Another interesting development is the new version of Hive (called the Stinger Initiative) again leveraging YARN. Most users who work with databases are far more comfortable with SQL than Java. Although you still need to know Java to truly unlock the power of Hadoop, most analysts are happy to use Hive as the SQL translator to extract data from HDFS. However, Hive had limitations and still relied on MapReduce. This new version leverages Tez, which means MapReduce is no longer required when using Hive because it just executes a DAG. It also helped to remove that 15-second startup penalty, which improved the performance of Hive (among other improvements that boosted its overall performance). Stinger also added an enhanced optimizer (and a more usable explain plan), support for additional data types, and more SQL extensions like sub-queries in the where clause and secure GRANT and REVOKE commands. Many of these are common features in SQL clients, and this is definitely a sign of Hadoop’s movement to the mainstream.

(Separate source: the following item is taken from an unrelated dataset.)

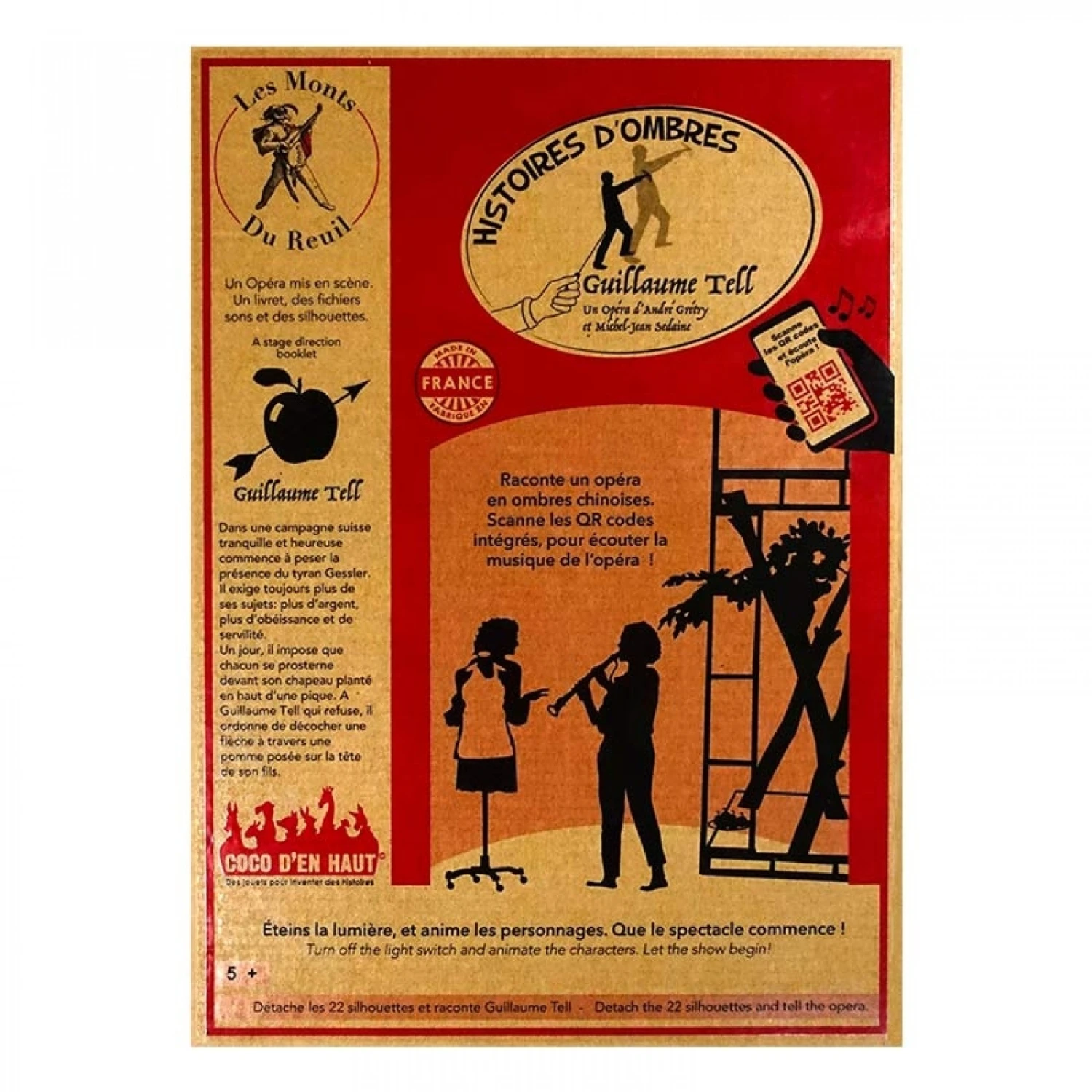 Cette collection « Opéra en ombres » est éditée en étroite collaboration avec la compagnie des Monts du Reuil. Une histoire, un livret, des silhouettes et des liens pour écouter tous les airs et les chants des opéras.

Hadoop is no longer the experimental project that developers used to play with in their spare time. It’s now a serious analytic platform used by large companies in mission-critical applications. The focus on stability, security, and performance is definitely an indication of product users asking for features that are important to them. The growth of Hadoop has been phenomenal over the past few years, and I believe the launch of Hadoop 2.0 will bring even more mainstream users into the fold. If you aren’t seriously looking into Hadoop now, you could be ceding an advantage to your competitors who are taking advantage of its superior analytic abilities.